Mayor Mike Savage said Wednesday the city has been working with street outreach and provincial housing support workers to pay for hotel rooms, including at the Comfort Inn.

Savage said the rooms were booked two weeks ago, and the city was under the impression people could stay there "longer term" past Sept. 15. 

"The hotel have the right to make their own decisions. And so they made the decision that they're not going to house those folks anymore," Savage said.

The Comfort Inn manager declined an interview.

Municipal spokesperson Brynn Budden said Wednesday eight former residents of Meagher Park had been staying at the Comfort Inn as of last weekend. The hotel asked two to leave and another person was moved into a "better option" by a service provider.

The remaining five people were connected to support by Wednesday. Of those, three accepted other housing options, one person found their own accommodations, and one chose not to accept any options.

The Comfort Inn on Windmill Road in Dartmouth had 8 people staying there in rooms booked by the city as of last weekend. (CBC)

Kay said he prefers tenting in Meagher Park for now. He has two emotional support ferrets and animals aren't allowed in local shelters. If another hotel room were offered to him, Kay said he doesn't know if he'd accept.

"Next time when I go to one of these places, I'm going to try and see if I can't get it in writing.

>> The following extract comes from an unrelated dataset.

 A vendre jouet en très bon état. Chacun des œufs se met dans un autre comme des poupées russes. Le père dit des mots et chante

You know, how long, and how stable it's going to be," Kay said.

"Things are going to have to change."

Eric Jonsson, one of two outreach street navigators in Halifax, said accommodating people in hotels is not protected by the Residential Tenancies Act and the length of time they are allowed to stay is unpredictable.

"I wish we could just dump the money that we're spending in hotels and on all these temporary measures ... into building people permanent housing," Jonsson told CBC Radio's Maritime Noon on Thursday.

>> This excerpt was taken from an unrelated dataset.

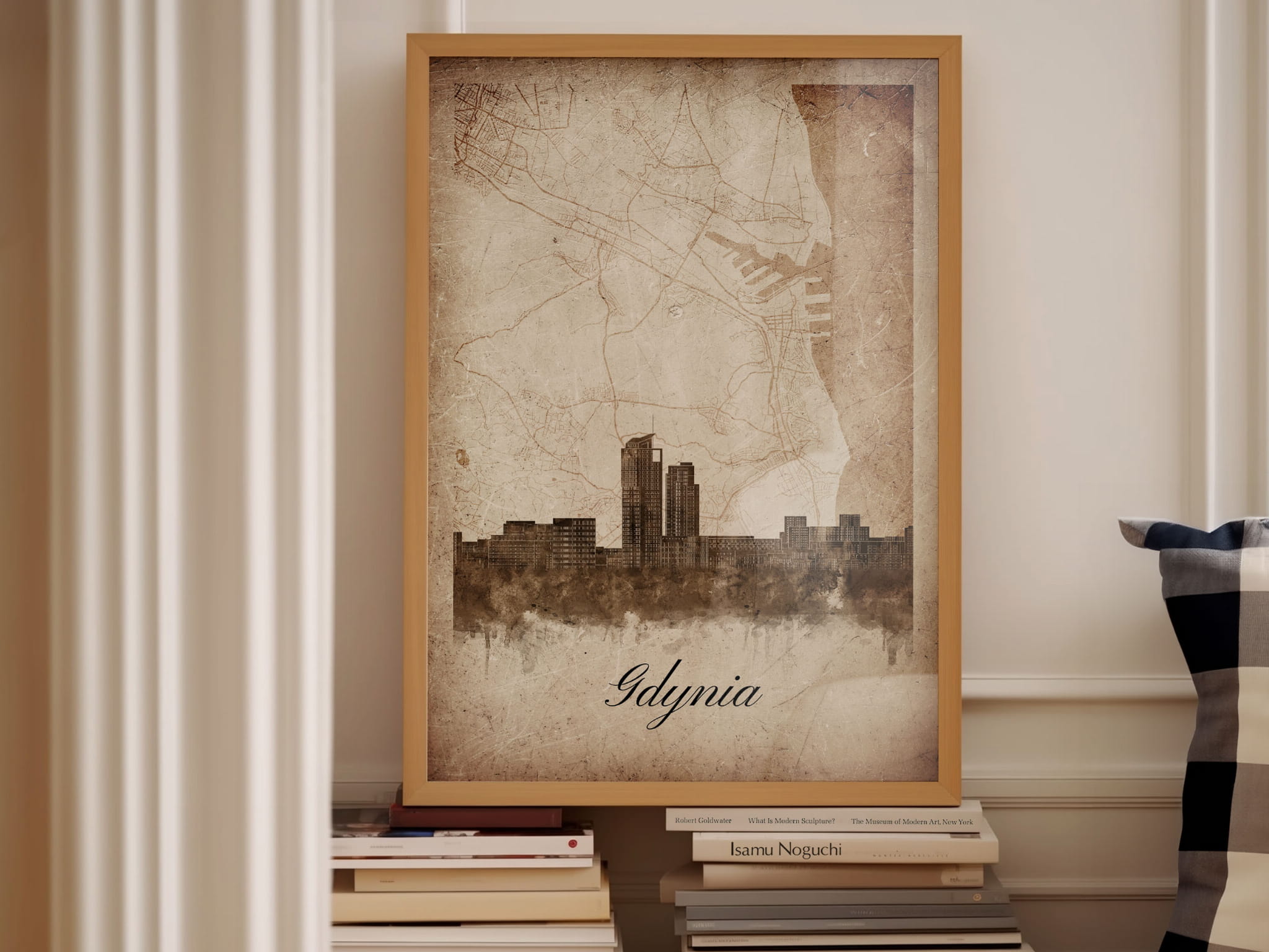 Plakat Skylines Gdynia w stylu Vintage- Pionowy

Two weeks ago, Halifax council approved two motions related to housing: one to allocate $500,000 to the creation of emergency housing, like hotel rooms and other spaces, and one to devote federal rapid housing initiative funds to create 85 new affordable units.

Savage said part of the issue is hotels are busy at this time of year and it's hard to find ones that will take on people experiencing homelessness, but the municipality is "prepared to pay."

The mayor said he met Wednesday with provincial Community Services Minister Karla MacFarlane to talk about how the province can better help people in hotels with mental health and addictions services. MacFarlane expressed support for that, said Savage.

Two wooden emergency shelters and various tents are seen in Halifax's Meagher Park in August. (Jeorge Sadi/CBC)

"Obviously, you know, we can't wait until next year for those [supports]. We need those now, today," Savage said. "We're prepared to put the money into it ... and we need the province to do the same." 

At Meagher Park, site co-ordinator Rachelle Sauvé said volunteers put up two more tents for people impacted by the Dartmouth hotel evictions Wednesday, bringing the total to 19 tents and two wooden shelters.

The site has been over capacity for some time, but they don't want to turn people away, said Sauvé, a member of P.A.D.S (Permanent, Accessible, Dignified, and Safer) Community Network, which operates the encampment.

The group is asking HRM to stop police from evicting people from tents and shelters, since long-term solutions like affordable housing will take weeks and months to open.

They plan to hold a rally outside city hall on Saturday at 11 a.m. AT.

Savage said the municipality doesn't have "any intention" of moving people, but police have to watch for criminal activity.

A news release Thursday from the municipality said Erica Fleck, the assistant chief of emergency management, has been assigned to lead the city's emergency response to homelessness. The three-month role starts Monday.

Supporting and co-ordinating council's decision to invest $500,000 for emergency housing will be Fleck's primary focus.

Savage told CBC News on Thursday that although housing and homelessness are not municipal responsibilities, he and his staff have been working with the province to find solutions. 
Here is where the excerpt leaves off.